Postby Wizard » April 30th, 2018, 8:23 pm

hiriskpaul wrote:I have been scratching my head wondering what to do about the pile of preference shares I have collected following the threat of cancellation of par by Aviva. As far as I am concerned, the risk is still there, but potentially kicked into the long grass for the Aviva/GA prefs. Regardless of anyone's thoughts on the legality or morality, the market will react badly again should another issuer say they are considering a similar capital reduction scheme along with par redemption...

What do others think and what are your plans?

I thought it worth returning to the opening post.
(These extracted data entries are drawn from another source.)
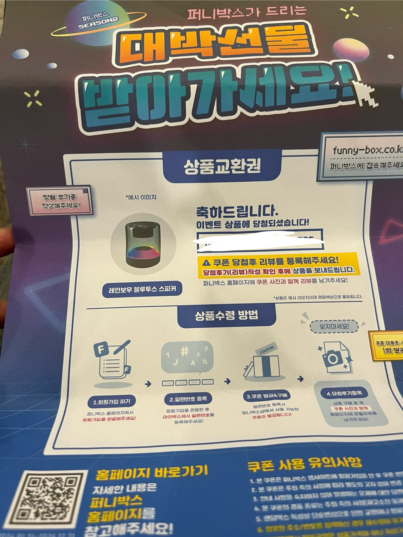 당첨 페이지 정보 본문 한번에 당첨됬어요!! 이전글충전기 당첨! 24.02.24 다음글코엑스 퍼니박스 신발베터리 당첨인데;... 24.02.23 목록 댓글 0 댓글목록 등록된 댓글이 없습니다.
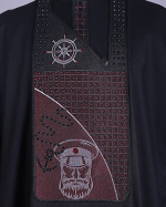 A Charcoal black anchor, wheel and sailor wire embroidery detail Agbada with Swarovski stones
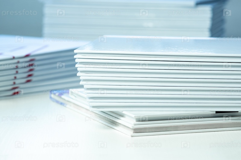 Стопка свежеотпечатанных фотокниг на столе крупным планом
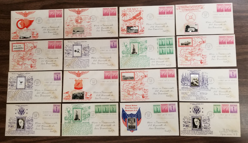 899-901 (3), "National Defense", Oct. 16, 1940 Issue, 173 Diff. Cacheted F.D.C.'s, Includes 28 Cmpt. Sets (Set of 3 on Single F.D.C.), Includes 23 Diff. with "Crosby" Cachet and 19 Matched Sets, Sound Cond., F-VF, SCV is About $1,450.00 (2. lbs.) (Image)
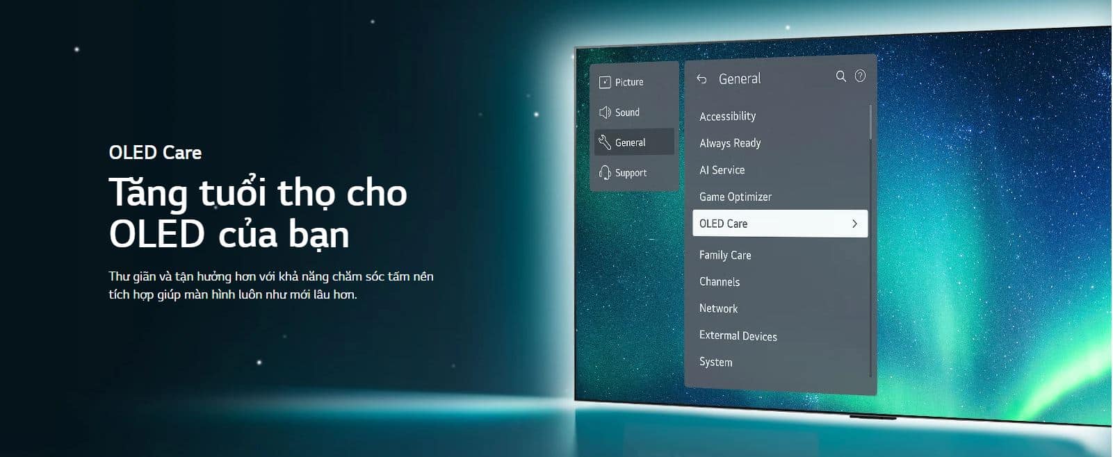 Khúc biến tấu của hàng triệu điểm ảnh phát sáng rực rỡ, độc lập trong từng khung hình mà không cần tới sự trợ giúp của ánh sáng đèn nền mờ, tạo nên tuyệt tác với sắc đen hoàn hảo. Với các chứng nhận về mức độ hạn chế ánh sáng xanh, không nhấp nháy từ Công nghệ Eye Comfort, LG OLED bảo toàn thị lực tinh anh cho cả gia đình, gia tăng thời gian tận hưởng.

Since the initial Aviva bombshell there have been a number of relevant events:
Ecclesiatically publicly admonished Aviva and said they would not use a reduction of capital
Aviva have backed down on the plan in the face of opposition and criticism
The FCA wrote to CEOs requesting clarifying statements for investors
Raven Russia announced plans for a vote to clarify in their articles the need for a class vote for prefs ahead of a capital reduction
Lloyds have confirmed they have had no discussions of a capital reduction and have no plans to use one

If I have missed anything please let me know.

So to answer Paul's questions I believe that, whilst some may wish to continuing to try and prove their own perspective on the matter is legally correct, it seems that at this stage the reaction to Aviva has made another attempt to use this mechanism extremely unlikely. So my plan is to do nothing and retain all my current holding of prefs.

Terry.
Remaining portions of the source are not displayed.